Species of flowering plant

Hibbertia acuminata is a species of flowering plant in the family Dilleniaceae and is endemic to eastern Australia. It is an erect shrub with lance-shaped to egg-shaped, stem-clasping leaves and yellow flowers arranged singly in leaf axils with about forty stamens surrounding the carpels.

==Description==
Hibbertia acuminata is usually an erect shrub that typically grows to a height of up to 0.3–1 m, its young growth hairy. The leaves are lance-shaped to egg-shaped with the narrower end towards the base, 10–30 mm long and 3–8 mm wide, sometimes with a pointed tip.
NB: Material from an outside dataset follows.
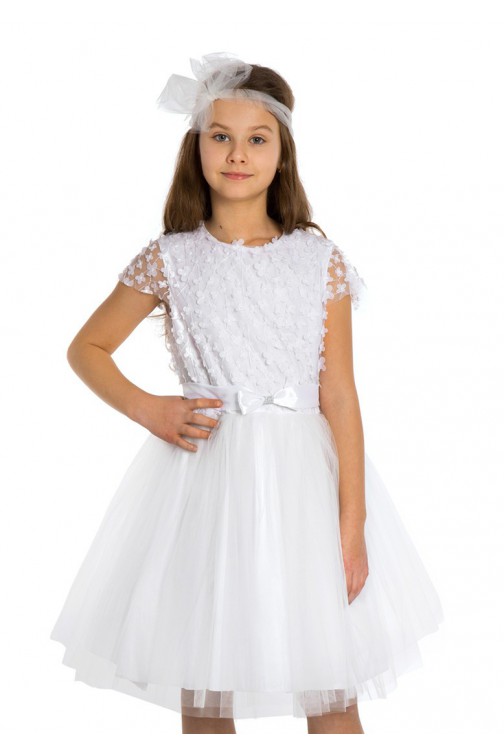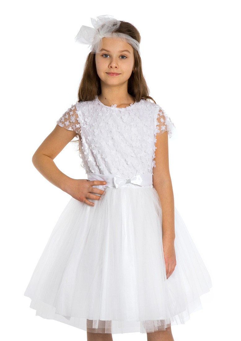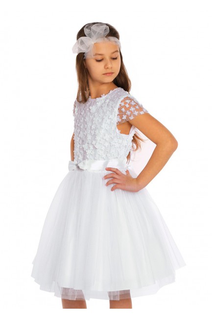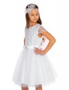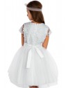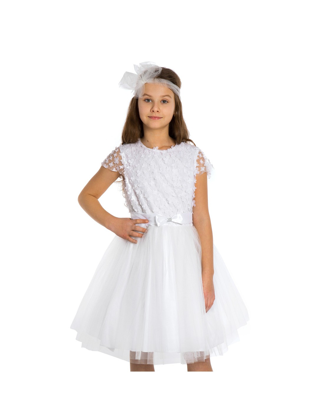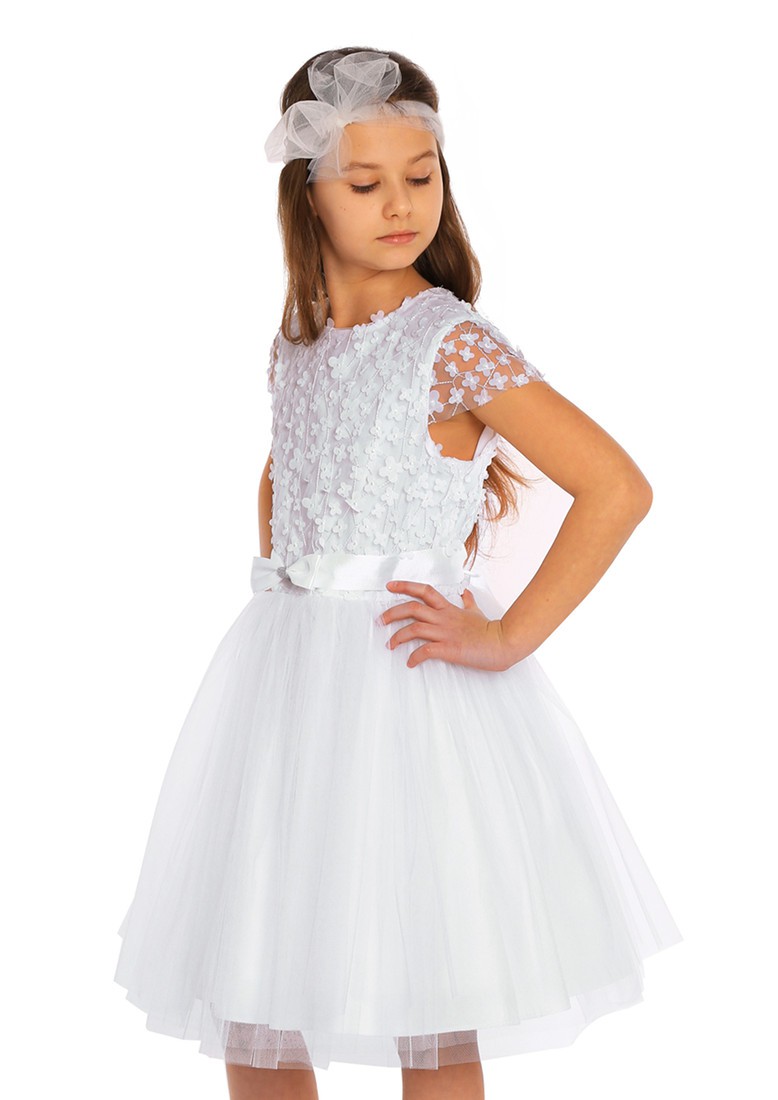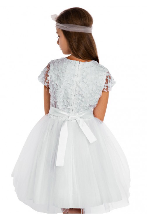Dziewczęca sukienka z falbanką u dołu. Od góry zdobiona kwiatuszkami. Wyprodukowana w Polsce dla Cudmoda.

The flowers are arranged singly in leaf axils with a bract 3–4 mm long. The sepals are 8–10 mm long and more or less membranous. The petals are yellow, 7–10 mm long and there are about forty stamens surrounding the three glabrous carpels. Flowering occurs from July to November.

==Taxonomy==
Hibbertia acuminata was first formally described in 1990 by Barry Conn in the journal Muelleria from specimens collected by William Blakely and David Shiress near Copmanhurst in 1922. The specific epithet (acuminata) means "pointed", referring to the sepals.

==Distribution and habitat==
This hibbertia grows in scattered locations in coastal heath and forest ranges on sandstone. It is found between Coffs Harbour and south-eastern Queensland, mostly commonly on the Richmond Range.